The number of EMMPRIN-positive MV in peripheral blood was measured by flow cytometry and was found again to be significantly higher in patient-derived MV samples (median 14,7 [IQR 14,4-26,5] % of total MV) compared to controls (median 2,3 [IQR 2,3-6,2] % of total MV) with a p-value of 0,01366 (Wilcox one-sided rank test) as shown in Fig. 44A+B. Since our previous results had demonstrated that EMMPRIN can also be expressed on benign cells, e.g. platelets or myeloid cells (see Fig. 38 and Fig. 39), we investigated whether the EMMPRIN-positive MV additionally express other tumor markers which would argue for their origin from tumor cells. For this reason, we performed double stainings for EMMPRIN and MUC1 by flow cytometry.

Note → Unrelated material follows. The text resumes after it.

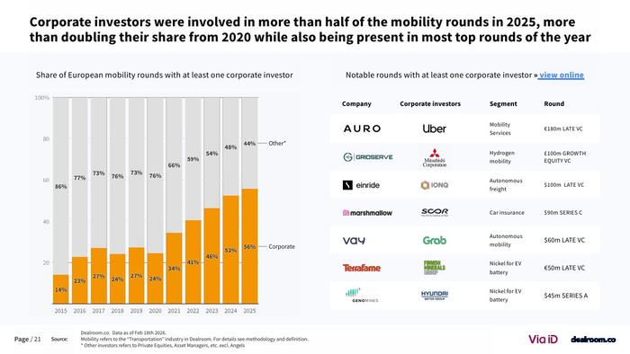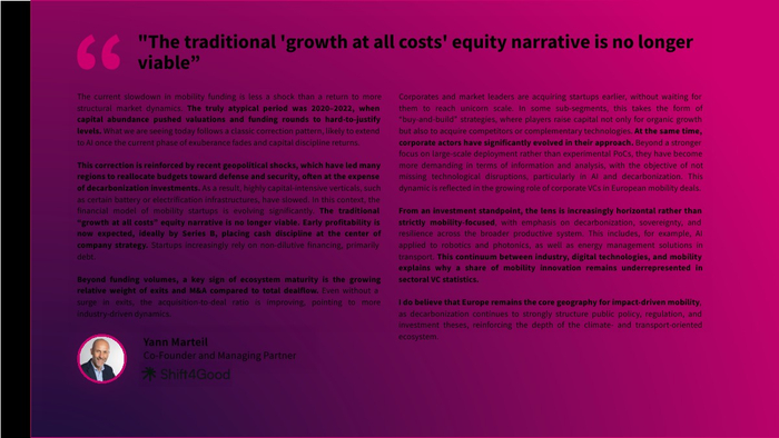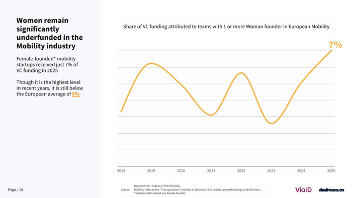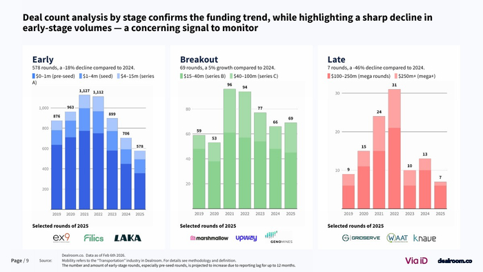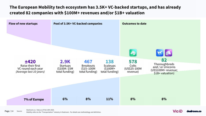 从生态层面看,欧洲已形成超过3500家风投支持的移动出行企业,其中82家成长为独角兽或高收入企业 。同时,该领域在气候科技中的占比降至约20%,为十年最低,但仍是第二大子赛道。这说明其战略重要性未变,但资本优先级有所调整。

MUC1, also known as CA 15-3, is often found at high levels in the blood of hormone receptor-positive breast cancers (Park et al, 2012) and was already shown to be present on their released MV (Fig. 32). While two of the further investigated four breast cancer patients were negative for MUC1 on their MV and therefore could not be used for double stainings, the other two patients showed a co-expression of MUC1 with EMMPRIN on 34,2% or 18,7%, respectively, of all MV present in blood (B). Taken together, the results suggest that T-MV can indeed be found in high numbers in the blood of metastatic cancer patients and can be identified by co-localization of the established markers, including EMMPRIN and MUC1.